How Do Housing Prices Affect Consumption
The standard story is that an increase in the price of a house is a wealth increase for the household, and hence will lead to an increase in consumption. However, there are a couple of reasons to think this might not be the case. The first is that there is no real theoretical justification for this. If the price of the house goes up, the only way for the household to enjoy additional consumption is to consume less “housing services”–i.e. sell the current house and move into a cheaper house. The homeowner who does not do this is basically paying a higher implicit rental cost of housing. The other reason why consumption may be positively correlated to housing prices is that an increase in the price of the house may allow borrowing constrained households to smooth out consumption over the life cycle via a loan. What the loan accomplishes is to allow the household to borrow from future consumption today. That is, suppose the household is constrained in terms of borrowing.
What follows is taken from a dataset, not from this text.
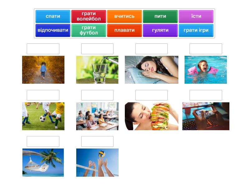 їсти, плавати, гуляти, вчитись, пити, відпочивати, спати, грати футбол, грати волейбол, грати ігри,

Then the house price increases by say $100,000. This could allow the household to borrow against this future consumption (when the household sells the house several years or decades hence) and consume it today.
Micro data can be helpful because they allow the authors to identify those households for which the direct wealth effect of house prices is particularly large or small. Older homeowners and younger renters represent households that are most likely to gain and lose from house price increases. Consistent with a direct wealth effect, the authors estimate a large positive effect of house prices on consumption for the cohort of old households who are homeowners, and an effect that is close to zero for the cohort of young households who are renters.
The authors also find that, controlling for economy-wide house prices and for regional income, regional house prices do influence regional consumption. This is a key result for policymakers and economists, showing that it is important to allow for regional heterogeneity when estimating the effects of house prices on consumption.
Finally, the authors find that consumption responds to predictable changes in house prices, consistent with the idea that an increase in house prices relaxes borrowing constraints.
The findings of this study have macroeconomic implications because they suggest that aggregate consumption may become more responsive to house prices as older homeowners become an increasing fraction of the population. In recent years, both the United Kingdom and the United States have experienced rising property prices and strong private consumption, pointing to the relevance of the authors’ estimates.